I got published in The Post, showing the mechanism of nzs failure
https://www.thepost.co.nz/business/360944401/ruthenasia-changed-where-our-money-went-and-we-are-poorer-it
Tadhg Stopford is a historian, high school teacher and small business owner. (I’m on Substack)
OPINION: Ruth Richardson received the Companion of the New Zealand Order of Merit last year. For many New Zealanders, that is hard to reconcile with what followed her “reforms”. It has been 35 years since “Ruthanasia” - changes so disruptive they helped drive the shift to MMP - yet most of us still don’t clearly understand what those policies did to the country.
Is it too early to say they didn’t pan out?
Poverty has risen. Public infrastructure is visibly in deficit. Essentials cost more. Young people leave. Meanwhile, private monopolies thrive. Australian owned banks and supermarkets report world-leading profits from our small market. Mining companies pay very low royalties to extract gold and other resources.

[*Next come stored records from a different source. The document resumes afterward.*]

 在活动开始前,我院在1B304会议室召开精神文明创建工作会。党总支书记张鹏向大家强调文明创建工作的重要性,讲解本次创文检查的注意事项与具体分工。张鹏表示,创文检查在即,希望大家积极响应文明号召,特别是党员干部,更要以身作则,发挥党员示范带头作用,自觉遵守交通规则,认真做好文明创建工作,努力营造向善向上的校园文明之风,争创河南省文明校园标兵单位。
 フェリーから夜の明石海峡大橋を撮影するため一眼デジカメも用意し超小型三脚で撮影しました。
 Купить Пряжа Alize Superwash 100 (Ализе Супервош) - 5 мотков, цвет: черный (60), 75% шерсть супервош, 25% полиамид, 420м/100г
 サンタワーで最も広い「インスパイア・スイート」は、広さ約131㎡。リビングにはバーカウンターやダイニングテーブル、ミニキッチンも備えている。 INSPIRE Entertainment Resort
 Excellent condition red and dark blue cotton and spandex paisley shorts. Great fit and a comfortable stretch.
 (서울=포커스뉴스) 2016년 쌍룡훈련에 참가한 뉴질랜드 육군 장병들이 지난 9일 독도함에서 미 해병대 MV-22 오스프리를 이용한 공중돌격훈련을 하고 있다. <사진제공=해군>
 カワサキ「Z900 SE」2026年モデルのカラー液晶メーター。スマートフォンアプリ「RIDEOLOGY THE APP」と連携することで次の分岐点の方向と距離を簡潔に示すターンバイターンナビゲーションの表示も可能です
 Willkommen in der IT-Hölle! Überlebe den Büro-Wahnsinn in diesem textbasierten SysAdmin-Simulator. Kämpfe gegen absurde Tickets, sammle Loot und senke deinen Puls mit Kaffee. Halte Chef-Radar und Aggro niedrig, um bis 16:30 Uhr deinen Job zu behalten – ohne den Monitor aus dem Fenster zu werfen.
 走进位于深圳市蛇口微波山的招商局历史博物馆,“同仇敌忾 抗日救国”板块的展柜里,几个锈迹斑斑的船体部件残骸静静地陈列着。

Our “blue gold” - water - is exported ultra cheaply too.
What exactly is the “public service” achievement we are honouring?

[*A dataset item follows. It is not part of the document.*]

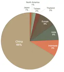 Viscose is mainly manufactured in Southeast Asia, with China representing 66% of production in 2015.[45] These manufacturers also dump untreated wastewater containing a multitude of chemicals; one major chemical is carbon disulphide, a solvent that is linked to severe medical conditions.[46] Upon touch, it can burn through skin and cause severe eye damage.
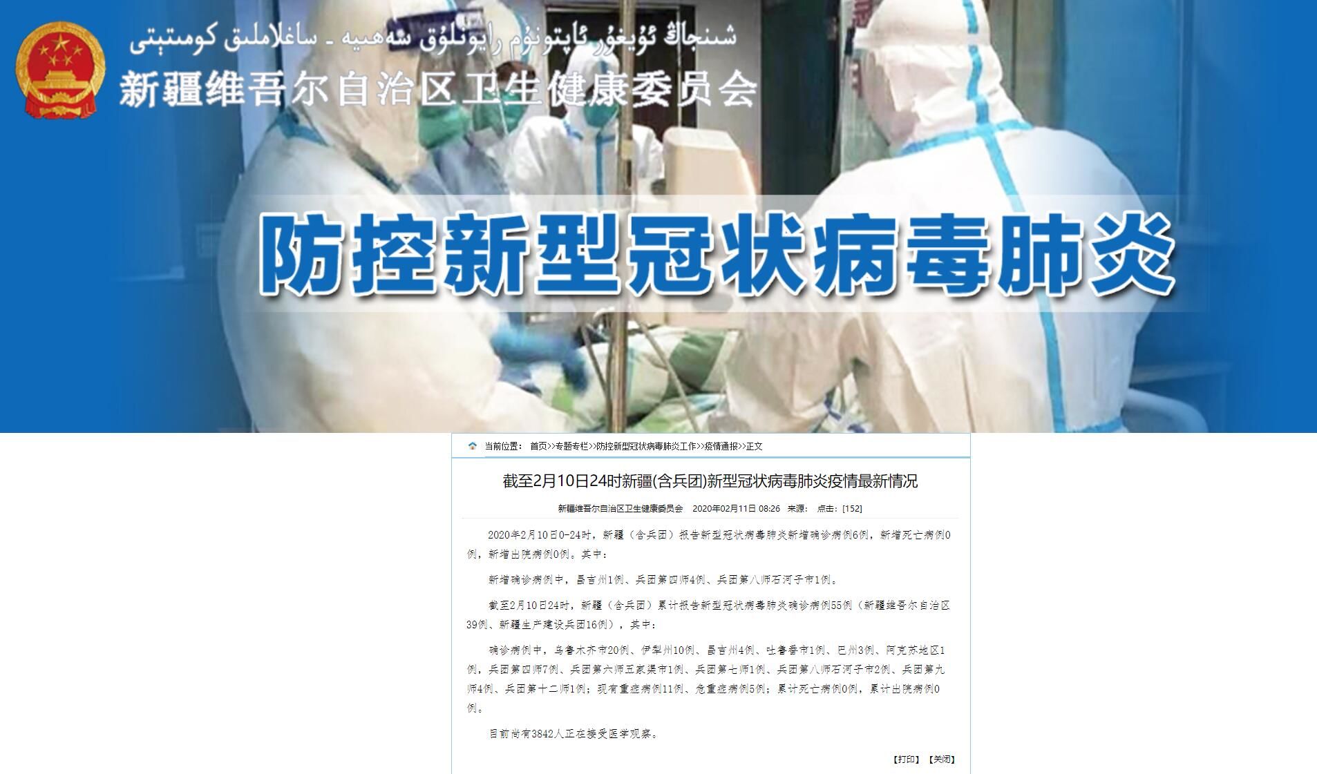 荔枝新闻讯 据新疆卫健委官方网站消息,2020年2月10日0—24时,新疆(含兵团)报告新型冠状病毒肺炎新增确诊病例6例,新增死亡病例0例,新增出院病例0例。其中:

Public service is supposed to leave the next generation stronger. With reliable hospitals, affordable homes, sound infrastructure and higher productivity. Real public service builds a country that grows more secure over time, not more fragile.
For over three decades we’ve been told “fiscal discipline” means responsibility: shrink the state, trust markets, and let private finance allocate capital more efficiently than government. We were promised we would be leaner, richer and more productive.
Instead, we have record house prices, deferred maintenance, strained hospitals and households carrying more debt than ever.
So it seems reasonable to ask what that discipline has delivered - and for whom.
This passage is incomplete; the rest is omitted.